Data Driven : Dashing Toward Data
Improve performance and communication among all departments with weekly multichannel dashboards
November 1, 2011 By Philippe GranerThe answer is to the point: It’s critical to have all major departments looking at the same set of numbers when evaluating business performance. While the details each department produces may differ, the critical metrics must be identical. If accounting practices used by the individual departments differ for sales, orders, contribution, etc., overall business goals can suffer. A weekly dashboard distributed to all key stakeholders/departments will quickly highlight any discrepancies.
A business may need several dashboards, depending on the marketing channels used. If you have print campaigns, online campaigns and email campaigns, the critical metrics for each can differ significantly. That said, it is important to have grand totals for revenue, orders, gross margin and contribution margin.
The charts (in the mediaplayer to the righ), when combined, form a typical dashboard for a multichannel direct marketing business. To reiterate, it is important to build a dashboard that reflects your industry’s nuances and your company’s overall business goals. Adding critical metrics and removing columns that are not applicable to provide perspective on your business goals should be a priority for any department tasked with producing the weekly dashboard.
It’s assumed that this marketer is running concurrent print, email and PPC marketing campaigns. The plan (forecast) is shown in the charts as a total. It can also be shown for each individual campaign, if necessary. (Note: Various components of what is discussed below may or may not be critical to your particular business. You can substitute in any metrics not mentioned below, and remove metrics that are not applicable.)
I have assumed a 50 percent margin for both dashboards. If applicable, prior year results can also be added.
Print Campaigns
In the case of the print dashboard, it’s important to provide the average of printed pages in the totals. This affects the cost per thousand pages circulated (Cost/M Pgs Circ.’d) calculation. Following are the calculations embedded in the print dashboard:
- RR% (Response Rate Percent) is calculated by dividing your Orders into your Mailed Circ.
- AOV (Average Order Value) is Revenue/Orders.
- Cost/M Pgs Circ.’d is Cost/((Mailed Circ. x Printed Pages)/1,000). This metric provides an equal look at prior year results or against plan if the number of printed pages or the total circulation has changed significantly.
- Mktg. Contribution is (Revenue x Margin)-Cost.
- Contribution per Order is Marketing Contribution/Orders. This metric is useful in determining how hard each order is working toward revenue goals.
Email Campaigns
The email dashboard introduces some unique metrics that need to be followed to maintain email efficiencies:
- The Open Rate is calculated by dividing your opened emails into your delivered emails. This is a significant metric in determining both the power of your headlines and the targeted list used.
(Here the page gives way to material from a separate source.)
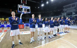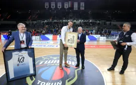 Zwycięstwem 99:85 zakończył się pierwszy mecz Twardych Pierników z GTK Gliwice u siebie w sezonie 2021/22. Wydarzenie było także okazją do uroczystego pożegnania z zespołem kapitana Aleksandra Perki. Fot. Sławomir Kowalski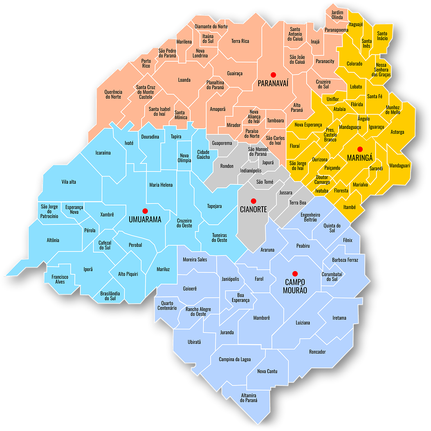 Alto Paraná, Amaporã, Colorado, Cruzeiro do Sul, Diamante do Norte, Floraí, Guairaçá, Inajá, Itaguajé, Itaúna do Sul, Jardim Olinda, Loanda, Marilena, Mirador, Nova Aliança do Ivaí, Nova Esperança, Nova Londrina, Paraíso do Norte, Paranacity, Paranapoema, Planaltina do Paraná, Porto Rico, Porto São José, Presidente Castelo Branco, Querência do Norte, Santa Cruz do Monte Castelo, Santa Inês, Santa Isabel do Ivaí, Santa Mônica, Santo Antônio do Caiuá, Santo Inácio, São Carlos do Ivaí, São João do Caiuá, São Pedro do Paraná, Tamboara, Terra Rica, Uniflor.

- The Unsubscribe Rate measures the impact of the frequency of your email campaigns.
- The Conversion Rate is Orders/Delivered emails. It is the online equivalent of the print campaign RR%.
Pay Per Click Campaigns
The PPC dashboard also measures unique metrics that establish campaign efficiencies:
- CTR (Click Through Rate) is calculated by dividing total Clicks into total Ad Impressions.
- CPC (Cost per Click) is Cost/Clicks. This metric should be constantly monitored to ensure profitable guidelines are maintained for the PPC program.
- Bounce Rate measures the total clicks that visit only one page on the website, or “bounce” away due to finding non-applicable material. It is an important metric in determining how targeted your keywords are to the customer.
- The Cart Abandonment Rate provides insight into how many potential customers are leaving during the checkout phase. An unusually high rate can potentially point to either a Cart design issue or higher than expected shipping charges. It is also an opportunity to design a triggered email campaign to recapture a portion of the lost sales.
Dashboard Importance
Catastrophic results can occur if all key business stakeholders are not privy to the corporate dashboard, and are instead using their own individual results to measure success.
For example, a multichannel direct marketer in the apparel industry failed to deliver a dashboard to the merchandising department. By forgetting to include email campaign sales and orders in its department results, the merchandising group established holiday inventory buys assuming that certain styles were well below plan.
The reality, however, was that through targeted emails, the styles in question were actually selling above plan. Significant potential sales were lost during the holiday period due to lack of available inventory.
Providing all key business stakeholders with a weekly dashboard of current results allows for a uniform understanding of business trends, the ability to rapidly affect change if necessary, and efficient planning for future campaigns. It needs to be maintained as a priority in someone’s job description.